- [TASK TO COMPLETE]: With the pictures removed, reproduce exactly the lines from the one that contains "Um aus dem Mews" through the last line of the entries below.

- [TASK MATERIAL]:
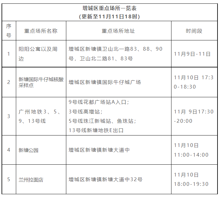 11月11日,增城区在省外来穗重点人员核酸检测中发现1名核酸检测异常人员。昨晚,增城疾控提醒:因疫情防控需要,请有以下时空交集的市民,立即向所在社区(村)报备,自觉开展“三天三检”自我健康监测,在24小时内主动到就近核酸检测点检测,并做好健康管理,落实个人防护措施。重点场所名单见下表,后续将按实际情况更新。
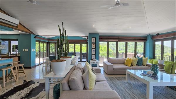 The modern decor and quality of finishes throughout makes this a home of distinction. This 5 bedrooms, 5-bathroom unit is a tranquil getaway from the rigors of everyday life. Coming into the home you are welcomed into a large entrance hall. To the right you have dark and cozy bar area and lounging space. There are 4 bedrooms that lead from this lounge. All the bedrooms have their own bathrooms. There is also a small plunge pool. Going up the stairs you have the spacious open plan Living Space. The space is beautiful and leads out onto a large deck with great Sea Views, there is a build in Jacuzzi situated under the covered patio. The Kitchen has ample storage space, with a separate scullery.
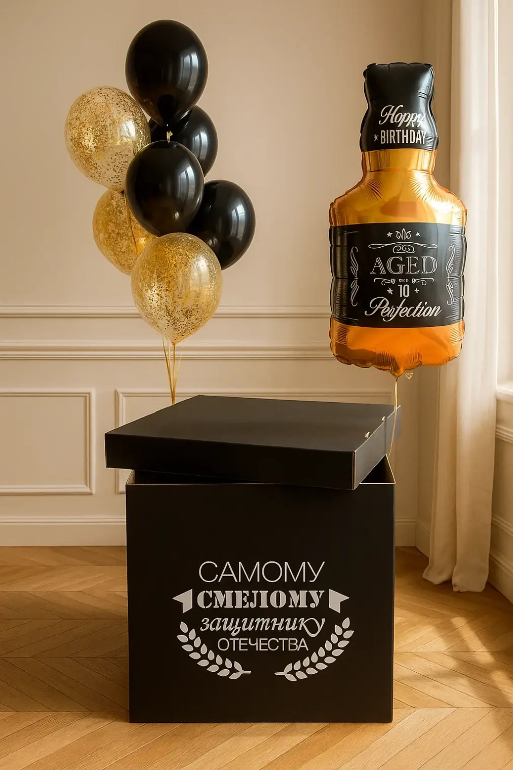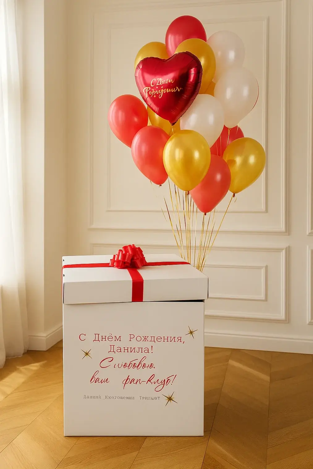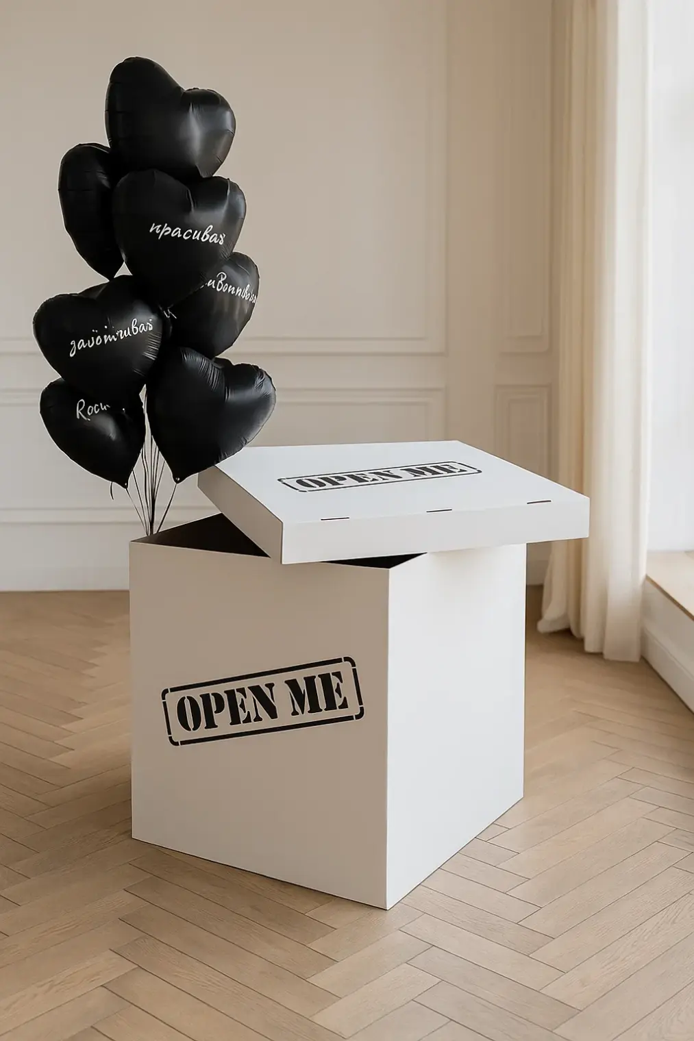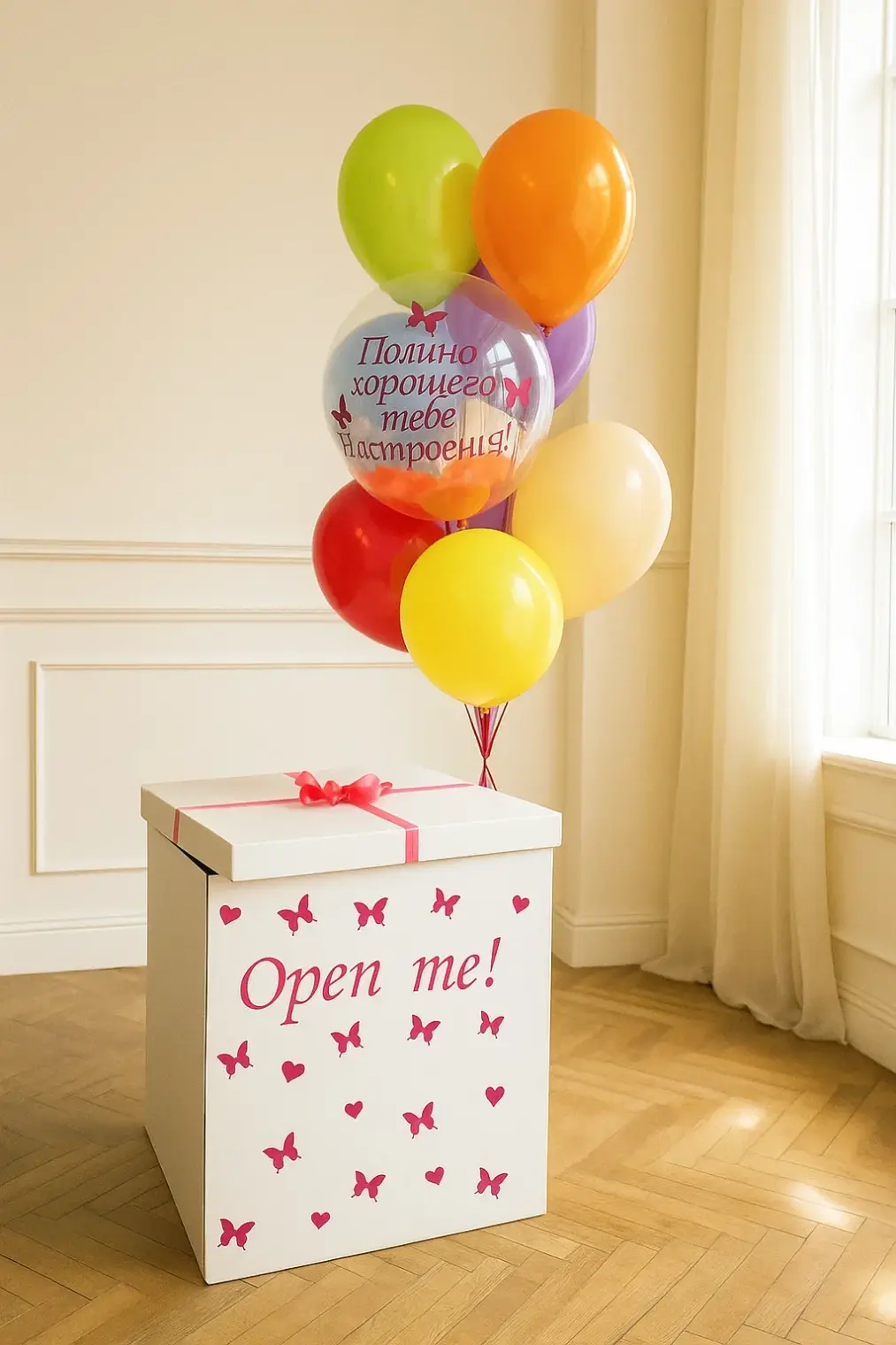В композицию входит : Коробка с вашей надписью Фонтан ( 2 фольгированных сердца +2 шара хром + 1 шар с конфетти + 1 шар баблс с перьями и вашей надписью )
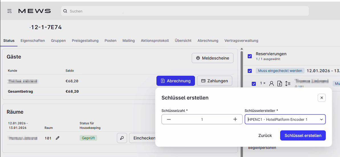 Um aus dem Mews PMS eine Schlüsselkarte über die HotelPlatfrom kodieren zu können gehen Sie wie folgt vor:
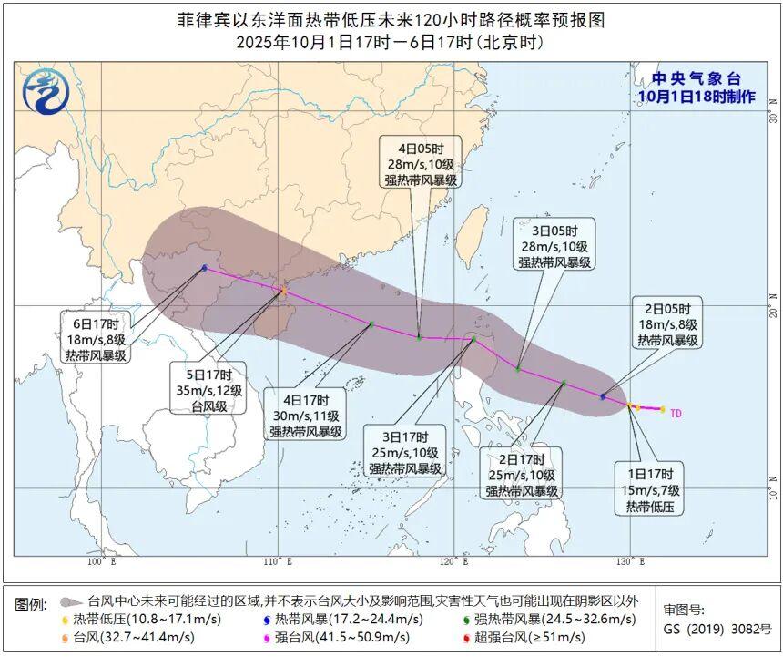 中国天气网首席气象分析师信欣介绍,未来在较高海温和较弱垂直风切变的环境下,该热带低压将继续增强,穿过菲律宾时减弱,进入南海后再增强,最强或可达台风级。目前预报来看,它大概率在10月5日登陆海南或广东雷州半岛。

- [YOUR SOLUTION]:
 Um aus dem Mews PMS eine Schlüsselkarte über die HotelPlatfrom kodieren zu können gehen Sie wie folgt vor:
 中国天气网首席气象分析师信欣介绍,未来在较高海温和较弱垂直风切变的环境下,该热带低压将继续增强,穿过菲律宾时减弱,进入南海后再增强,最强或可达台风级。目前预报来看,它大概率在10月5日登陆海南或广东雷州半岛。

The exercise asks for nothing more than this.